4 November 2016 in Investing Insights

Key Takeaways:

  • The Federal Reserve will likely raise interest rates at its next meeting in December
  • Stocks stand a good chance of absorbing any increases in stride

The Federal Reserve did with interest rates this Wednesday what everyone expected it to do: nothing. Falling just six days before a tumultuous presidential election comes to an end, the central bank’s November meeting was long seen as an event where the Fed would refrain from any policy change that would stress financial markets.

The lack of a move this month adds much anticipation to the Fed’s next meeting in December – post election – when everything it said on Wednesday and before points to an interest rate hike. A fairly positive jobs report on Friday [1] strengthened those arguments.

The Fed noted [2] continued progress across the economy as the justification for such a rate hike, all of which it also highlighted at its September meeting: hiring grew, incomes rose, output picked up, and inflation is running higher than earlier in the year.

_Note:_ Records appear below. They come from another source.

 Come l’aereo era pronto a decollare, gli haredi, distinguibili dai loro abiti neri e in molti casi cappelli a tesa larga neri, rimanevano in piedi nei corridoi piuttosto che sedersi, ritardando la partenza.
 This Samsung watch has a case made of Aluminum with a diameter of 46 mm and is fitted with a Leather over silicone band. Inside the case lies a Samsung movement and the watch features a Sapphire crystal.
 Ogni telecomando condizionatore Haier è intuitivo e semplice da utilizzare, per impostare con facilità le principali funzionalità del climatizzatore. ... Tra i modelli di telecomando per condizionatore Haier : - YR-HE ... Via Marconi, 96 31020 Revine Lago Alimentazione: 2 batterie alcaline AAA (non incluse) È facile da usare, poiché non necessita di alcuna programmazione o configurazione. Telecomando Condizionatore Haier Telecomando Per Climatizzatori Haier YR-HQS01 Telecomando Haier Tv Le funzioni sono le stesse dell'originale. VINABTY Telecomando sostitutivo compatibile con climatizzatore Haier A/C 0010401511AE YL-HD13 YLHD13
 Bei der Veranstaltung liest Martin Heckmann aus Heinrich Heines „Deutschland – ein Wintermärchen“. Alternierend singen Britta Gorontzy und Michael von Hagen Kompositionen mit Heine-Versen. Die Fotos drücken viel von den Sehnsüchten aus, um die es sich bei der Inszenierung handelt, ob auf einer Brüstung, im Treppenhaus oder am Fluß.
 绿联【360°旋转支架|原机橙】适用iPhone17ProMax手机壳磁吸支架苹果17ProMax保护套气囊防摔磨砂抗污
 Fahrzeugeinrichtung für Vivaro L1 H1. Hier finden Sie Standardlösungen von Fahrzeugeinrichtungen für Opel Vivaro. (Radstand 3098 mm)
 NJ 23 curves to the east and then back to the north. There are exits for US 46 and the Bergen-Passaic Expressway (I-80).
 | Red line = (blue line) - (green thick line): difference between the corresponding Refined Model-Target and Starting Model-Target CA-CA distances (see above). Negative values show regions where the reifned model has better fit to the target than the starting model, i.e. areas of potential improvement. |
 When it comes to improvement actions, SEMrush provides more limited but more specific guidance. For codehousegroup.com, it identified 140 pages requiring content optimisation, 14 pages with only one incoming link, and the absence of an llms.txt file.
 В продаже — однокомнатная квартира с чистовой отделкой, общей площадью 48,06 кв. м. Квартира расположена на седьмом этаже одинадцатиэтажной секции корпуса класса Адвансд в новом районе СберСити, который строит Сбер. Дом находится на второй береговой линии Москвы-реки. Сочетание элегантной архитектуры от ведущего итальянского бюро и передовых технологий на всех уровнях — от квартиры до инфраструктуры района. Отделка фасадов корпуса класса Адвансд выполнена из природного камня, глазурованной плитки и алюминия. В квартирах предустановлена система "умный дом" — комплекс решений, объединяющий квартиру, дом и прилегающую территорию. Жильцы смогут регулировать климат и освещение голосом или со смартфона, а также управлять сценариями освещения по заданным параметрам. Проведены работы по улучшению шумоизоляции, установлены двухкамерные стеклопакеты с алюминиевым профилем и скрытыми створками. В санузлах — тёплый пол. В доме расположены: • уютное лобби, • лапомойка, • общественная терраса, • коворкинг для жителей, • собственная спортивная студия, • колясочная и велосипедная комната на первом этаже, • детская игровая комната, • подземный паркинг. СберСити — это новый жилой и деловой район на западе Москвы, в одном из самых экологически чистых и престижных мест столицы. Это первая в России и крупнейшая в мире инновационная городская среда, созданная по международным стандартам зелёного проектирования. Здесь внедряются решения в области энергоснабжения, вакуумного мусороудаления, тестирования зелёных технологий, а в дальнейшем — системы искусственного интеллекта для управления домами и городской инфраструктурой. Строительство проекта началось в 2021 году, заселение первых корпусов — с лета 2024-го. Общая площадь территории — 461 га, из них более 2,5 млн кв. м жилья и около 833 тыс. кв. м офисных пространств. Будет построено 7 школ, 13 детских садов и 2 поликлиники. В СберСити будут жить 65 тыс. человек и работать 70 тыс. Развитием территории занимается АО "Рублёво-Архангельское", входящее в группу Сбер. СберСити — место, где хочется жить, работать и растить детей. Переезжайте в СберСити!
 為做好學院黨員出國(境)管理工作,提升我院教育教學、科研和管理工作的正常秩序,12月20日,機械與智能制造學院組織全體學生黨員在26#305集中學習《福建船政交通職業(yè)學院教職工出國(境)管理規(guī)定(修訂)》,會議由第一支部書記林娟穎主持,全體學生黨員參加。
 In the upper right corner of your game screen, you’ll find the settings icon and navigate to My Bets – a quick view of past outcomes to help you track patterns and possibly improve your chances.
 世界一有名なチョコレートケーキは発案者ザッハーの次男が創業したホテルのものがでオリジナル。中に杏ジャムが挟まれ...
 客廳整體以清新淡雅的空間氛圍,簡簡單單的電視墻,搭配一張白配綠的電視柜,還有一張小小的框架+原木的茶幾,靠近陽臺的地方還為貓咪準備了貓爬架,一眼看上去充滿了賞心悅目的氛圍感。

Optimism about the third quarter, which measured out to impressive 2.9 percent GDP growth, is tempered by qualifiers the Fed put down in its statement this week: Business investment is still “soft,” inflation is below the Fed’s 2 percent target, and the economy is only expected to grow at a “moderate” pace. Don’t get too excited, we’re cautioned.

Because of such a mixed reading about the economy, the Fed is only expected to raise interest rates 25 to 50 basis points at its next meeting. This is what it did in December 2015, and markets took it in stride (the S&P 500 [3] is up 1.1 percent since that date, and is about 4 percent off its current 52-week high). The futures market places the likelihood of a rate hike for this December at 78 percent [4]. Stocks may not cheerlead such a move, but there’s little evidence they will be harshly affected by it.

Something else the Fed said at the end of Wednesday’s statement [5] carries an outright bullish implication for investors. Here’s the paragraph in full, which we translate below:

“The Committee is maintaining its existing policy of reinvesting principal payments from its holdings of agency debt and agency mortgage-backed securities in agency mortgage-backed securities and of rolling over maturing Treasury securities at auction, and it anticipates doing so until normalization of the level of the federal funds rate is well under way. This policy, by keeping the Committee’s holdings of longer-term securities at sizable levels, should help maintain accommodative financial conditions.”

What this means is that the Fed is continuing its aggressive response to the 2009 financial crisis and aftermath with regard to its own balance sheet. It is buying fixed income securities — specifically, government bonds — and will continue to do so until it starts raising interest rates aggressively. This policy frees up trillions of dollars in investor demand because the Fed is buying financial assets that investors would otherwise buy. As long as this continues — and the Fed indicates it will for a while — it’s good news for stocks and bonds. Stay tuned.

[1] Bureau of Labor Statistics, “Employment Situation Summary,” November 4, 2016.

[2] Board of Governors of the Federal Reserve System, “Press Release,” November 2, 2016.

[3] “S&P 500 (^GSPC),” Retrieved from Yahoo! Finance, November 2, 2016

[4] CNBC, “The Federal Reserve Looks Ready to Roll with an Interest Rate Hike in December,” November, 2, 2016

[5] Board of Governors of the Federal Reserve System, “Press Release,” November 2, 2016.